_Records to use:_
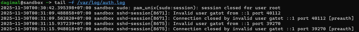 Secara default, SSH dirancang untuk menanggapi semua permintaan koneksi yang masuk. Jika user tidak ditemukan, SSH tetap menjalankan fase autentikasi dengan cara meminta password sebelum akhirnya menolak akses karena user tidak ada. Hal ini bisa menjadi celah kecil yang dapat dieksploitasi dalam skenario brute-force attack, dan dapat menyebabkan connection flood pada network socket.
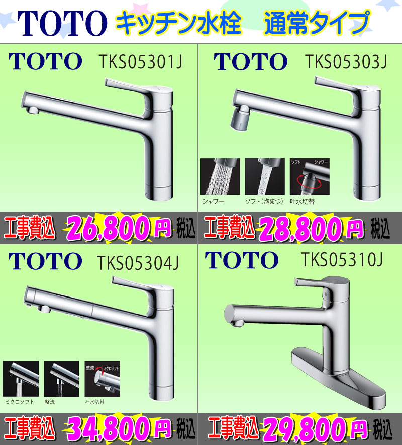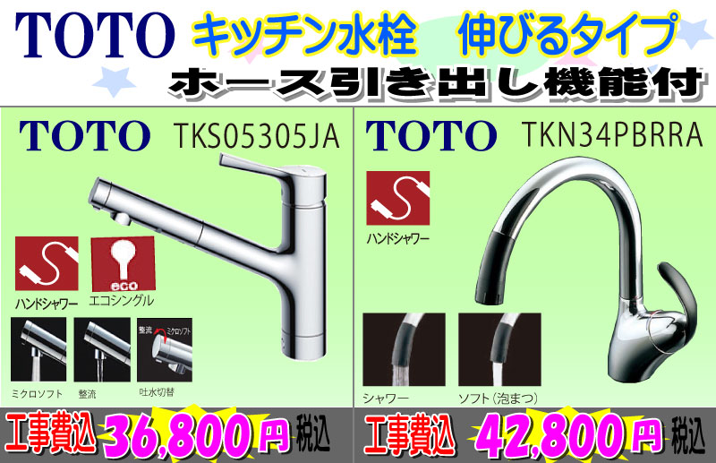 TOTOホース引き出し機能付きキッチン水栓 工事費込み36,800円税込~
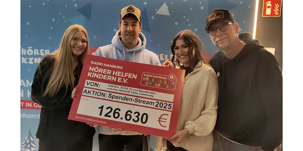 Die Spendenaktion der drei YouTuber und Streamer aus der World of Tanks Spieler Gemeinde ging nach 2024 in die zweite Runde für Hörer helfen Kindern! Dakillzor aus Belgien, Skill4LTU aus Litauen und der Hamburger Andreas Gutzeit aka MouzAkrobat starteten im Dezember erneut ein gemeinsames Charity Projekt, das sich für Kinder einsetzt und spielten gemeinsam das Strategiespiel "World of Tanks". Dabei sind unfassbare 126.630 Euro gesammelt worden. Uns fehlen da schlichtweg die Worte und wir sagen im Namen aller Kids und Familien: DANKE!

==

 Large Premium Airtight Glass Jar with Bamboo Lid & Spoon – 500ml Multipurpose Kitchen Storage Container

_Your task:_
Out of the records above, set down only the lines from the one that contains "TOTOホース引き出し機能付きキッチン水栓 工事費込み36,800円税込~" through the one that contains "Die Spendenaktion der", unchanged and without the pictures.

_Answer:_
 TOTOホース引き出し機能付きキッチン水栓 工事費込み36,800円税込~
 Die Spendenaktion der drei YouTuber und Streamer aus der World of Tanks Spieler Gemeinde ging nach 2024 in die zweite Runde für Hörer helfen Kindern! Dakillzor aus Belgien, Skill4LTU aus Litauen und der Hamburger Andreas Gutzeit aka MouzAkrobat starteten im Dezember erneut ein gemeinsames Charity Projekt, das sich für Kinder einsetzt und spielten gemeinsam das Strategiespiel "World of Tanks". Dabei sind unfassbare 126.630 Euro gesammelt worden. Uns fehlen da schlichtweg die Worte und wir sagen im Namen aller Kids und Familien: DANKE!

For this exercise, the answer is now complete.